School of Engineering and Materials Science
Research Student Awards
PhD Thesis: The biochemical evaluation of chronic venous ulcers in the clinical setting
Author: JAMES, T
Supervisor(s): Dan Bader
Chronic venous ulceration is a poorly understood condition that affects a significant proportion of the elderly. This thesis investigates the role of oxidative stress in venous ulceration by analysing chronic wound fluid collected from patients attending a leg ulcer clinic.
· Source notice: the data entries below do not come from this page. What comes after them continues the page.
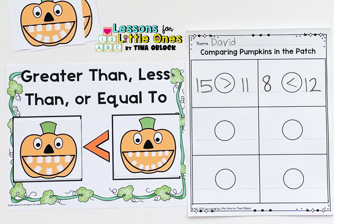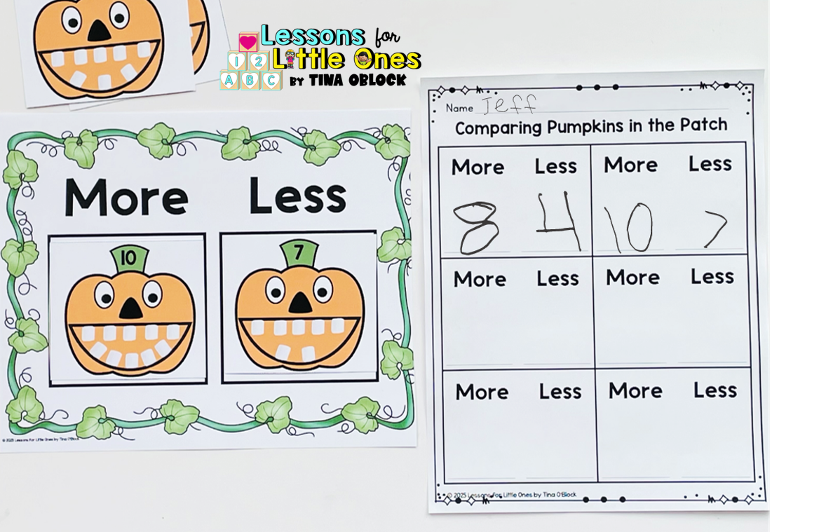 In this activity, students choose two pumpkin cards, count the teeth, and decide which one has more or less, OR if the amounts are greater than, less than, or equal.
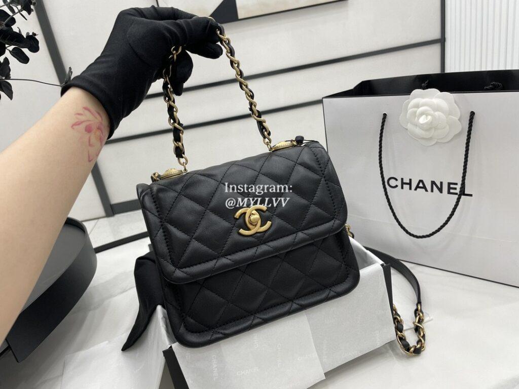 Top Quality Version:MYLLVV » Chanel Diamond Plaid Lambskin Handle Flap Bag Black With Gold AS2054
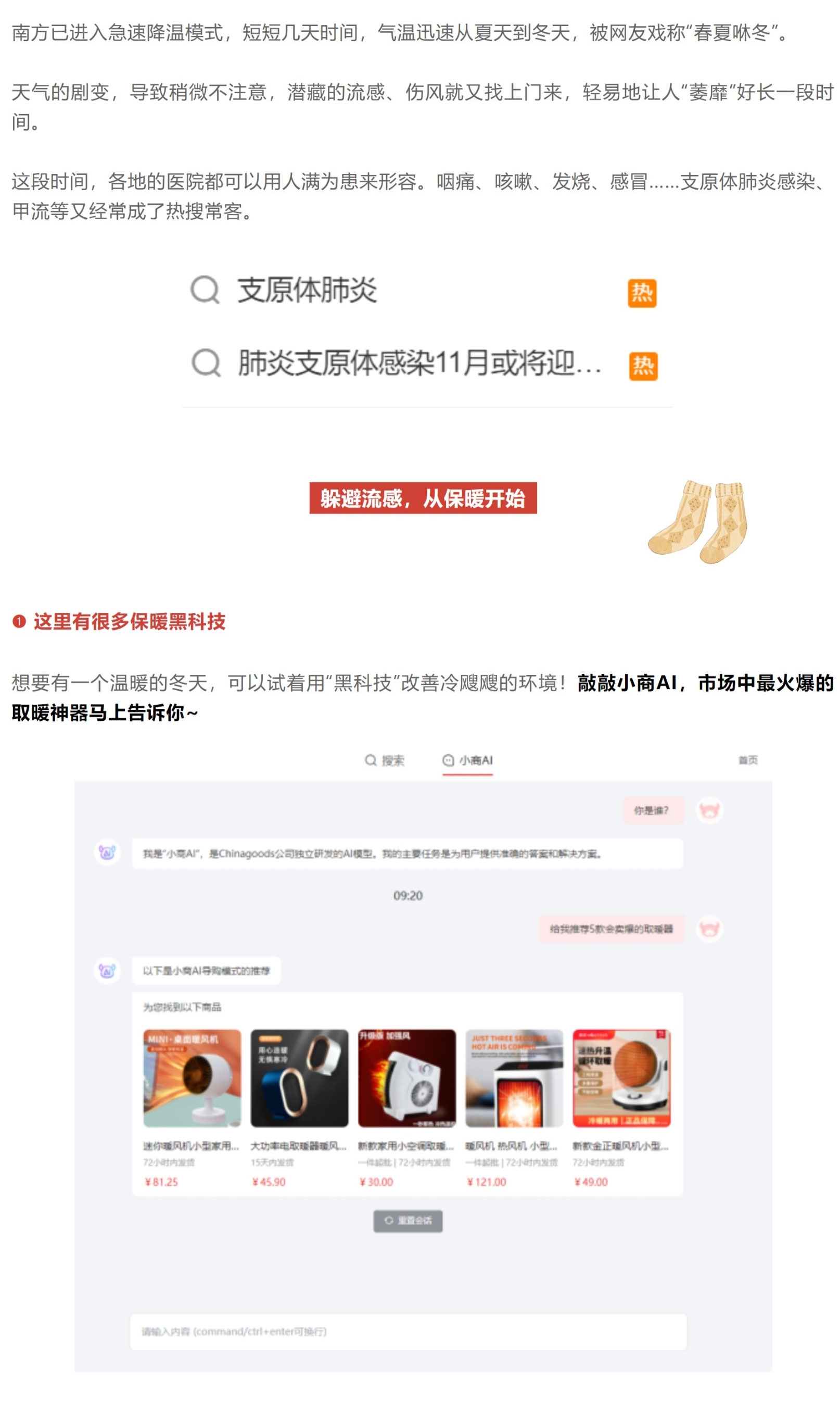 春夏咻冬,速冻降温,小商AI透露防寒保暖商机~

A standardised technique for wound fluid collection has been developed and then used to obtain material that is analysed with a series of standard and novel biochemical assays. The results of these investigations support the theory that chronic wound fluid is a plasma-derived material the composition of which is influenced by local cellular and biochemical activity. It is considered to be representative of the wound milieu.
The antioxidant characteristics of chronic wound fluid are observed to share some characteristics with plasma. However, in addition to a significant contribution from albumin and uric acid, it would appear that some components of the antioxidant system are up-regulated including the enzyme glutathione reductase. The elevated activity of this enzyme contributes to the maintenance of wound fluid thiol levels.
The allantoin: uric acid ratio (AUR), a marker of oxidative stress, is significantly elevated in wound fluid compared to plasma. Similarly, another marker of oxidative stress, the advanced oxidation protein products measure (AOPP), closely linked to oxidative modification of proteins, is also elevated. Both observations support the hypothesis that oxidative stress is contributory to venous ulceration. The concentration of hypoxanthine, xanthine and neutrophil elastase are all significantly higher in chronic would fluid compared to plasma, suggesting that both ischaemia-reperfusion and neutrophils as possible sources for the oxidative stress observed. These observations are consistent with hypotheses implicating while cell trapping in tissue with compromised venous function.